The efforts in the present work extend prior work on the same topic (Wei et al. 2015a) in four major ways. First, we provide additional evidence supporting our prior conclusions which suggested that most suspended users lie in the periphery of the network, and thus that removing them has little impact on the rest of the network. Second, we include additional analyses that highlight the spatial properties of the data. Third, we develop a more robust approach to analyzing the topical information within our data, which also allows us to significantly increase the number of users we consider in our clustering analysis, resulting in an entirely new set of results. Finally, we include a new section devoted to the analysis of sentiment within our data. The new analysis here serves as further evidence that suspended users show important variability in their actions and can also have significant effects on our understanding of the network, topics, sentiment and important users within a particular Twitter dataset.

2 Related work

2.1 Network analysis

The quantitative study of the patterns of relations among users has been used for the past 70 years to understand and predict human behavior and sociocultural activities (Anthonisse et al. 1971; Freeman 1979). This area referred to as social network analysis, dynamic network analysis and network science is concerned with assessing how the patterns of connections among entities constrain and enable behavior, and how different patterns affect different sociocultural outcomes. While much of the early work focused on interactions among small groups of humans (<50), more recent efforts have focused on the development of scalable methods, often for reasons associated with social media analysis (Yin et al. 2013). Many metrics in this area are focused on identifying those nodes that have disproportionate potential influence or power in the overall network; e.g. degree centrality, closeness centrality and betweenness centrality (Wei and Carley 2014). When the network changes overtime, dynamic network metrics provide additional insights as to how network change impacts individuals (Wei and Carley 2015). Applications of network analysis include recommendation systems (Xia et al. 2015), community detections (Newman 2006) and network structure predictions (Xia et al. 2014).

From a social media perspective, network analytics have been used to, for example, identify communities (Lim and Datta 2013) and better understand the relationship between social and topical structures (Romero et al. 2013). Network analytics are also increasingly used to support spam detection (Wang 2010) and fraud detection (Bolton and Hand 2002). Such research has demonstrated that networks in social media, and specifically in Twitter, can be much larger and take on different forms than networks in the real world. Case studies often report having to clean the data significantly to remove bots and other undesirable users (Joseph and Carley 2015). Such works suggest the possible negative impact of spam on network analyses, but there has been no systematic assessment. We utilize standard metrics and assess how the results vary as suspended users are removed.

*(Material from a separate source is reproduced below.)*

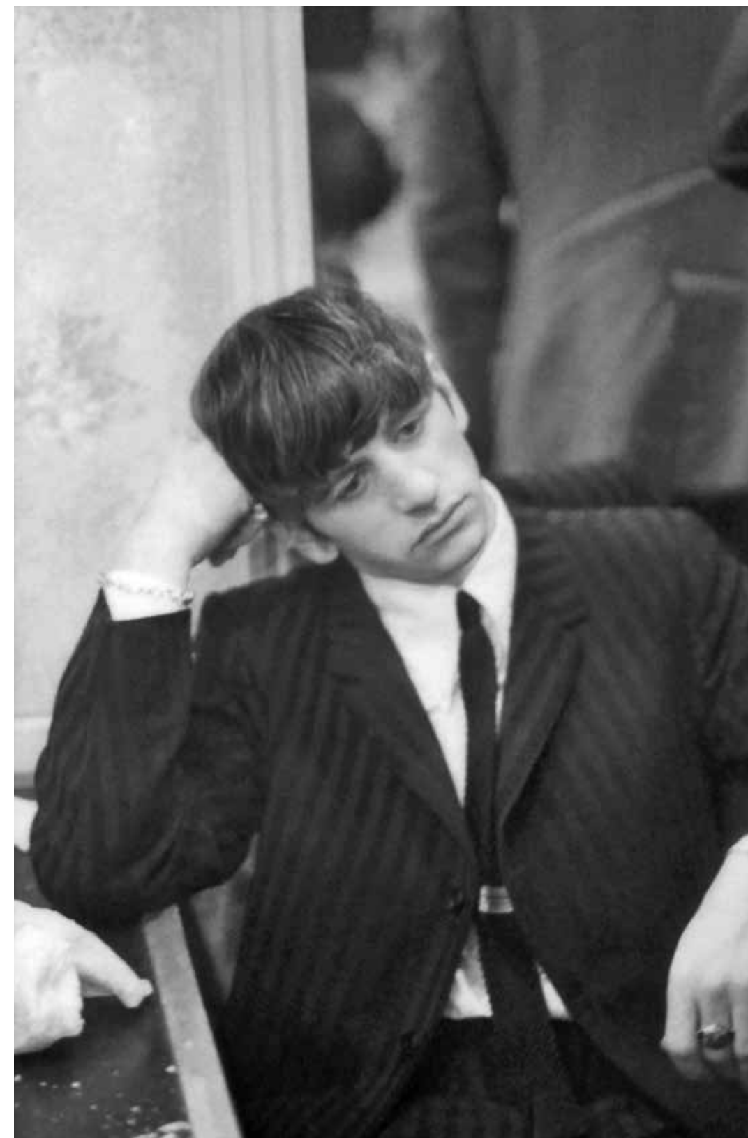
V této fázi byl Ringo v kapele už rok a půl, ale stále si vzpomínám na naše první společné hraní. S Johnem a Georem jsme si vyměnili pohledy a věděli jsme: To je ono!

2.2 Topic modeling and content analysis

Topic modeling and content analysis have seen major advances in the last decade. The majority of techniques draw inspiration from one or both of the following two methods: latent Dirichlet allocation (LDA) (Blei et al. 2003) and latent semantic analysis (LSA) (Dumais 2004). Both methods model documents as a “bag of words,” in which case only the constitution of words is considered rather than their orders. The goal of topic modeling is to infer latent topics, where a topic can be roughly defined as a set of words that frequently co-occur together within the same document.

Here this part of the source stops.